(Note: the original, upstream readme can be found in README.)
This is a fork of libunwind (http://www.nongnu.org/libunwind/), a library to unwind the stack and create a callchain. This fork is extended by support for Xen virtual machines. This is especially useful for Unikernels, in which the kernel and application form a single binary sharing a common address space. By using libunwind-xen, a unikernel's (or, in theory, any other VM's) stack can be unwound from the outside. One of the main uses for this is the sampling of call chains at runtime as a profiling tool.

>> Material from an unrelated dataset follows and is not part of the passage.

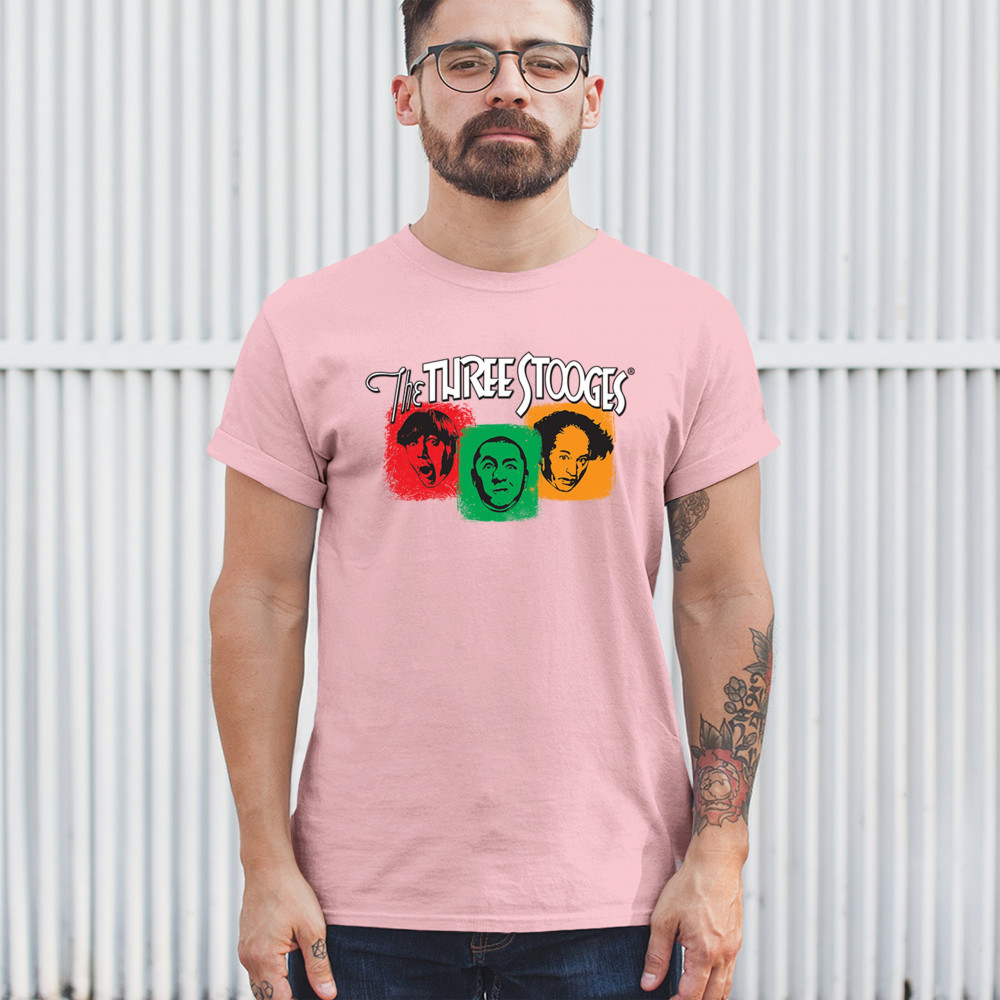 Capturing the essence of comedy, this design brings The Three Stooges into the modern era with a vivid, graphic portrayal. Each Stooge is highlighted in a distinct hue—red for Moe, green for Larry, and orange for Curly—mirroring their vibrant personalities that have transcended generations. This piece is a visual celebration, a colorful tribute to the laughter and joy they continue to bring into the world.

The way libunwind does this is by using the .eh_frame information
created by a
compiler at compile time. By comparing the stack addresses in the running VM
to those in the ELF's .eh_frame section
, it can assess the size of the
currently running function's frame on the stack, unroll it to retrieve the
prveious instruction pointer, and iterate over this until the end of the stack
is reached. This means that you need compiler support to create an .eh_frame
,
but the good news is that this is almost universally supported out-of-the-box
and by default. It also means that you do not need a frame pointer, so you can
produce stack traces on binaries compiles with -fomit-frame-pointer
for higher
performance, or on architectures that do not provide a frame pointer register.
This current implementation is quite bare-bones and does not support functionality that isn't required for stack walking. For example, there is no support for writing memory or registers, only reading. It currently also only supports the x86 version of Xen. Extensions of this starting point should be easy though, if more is required at any point in the future.
- ./autogen.sh
- ./configure
- make
- make install
For tracing Xen virtual machines, link your application against libunwind-generic and libunwind-xen.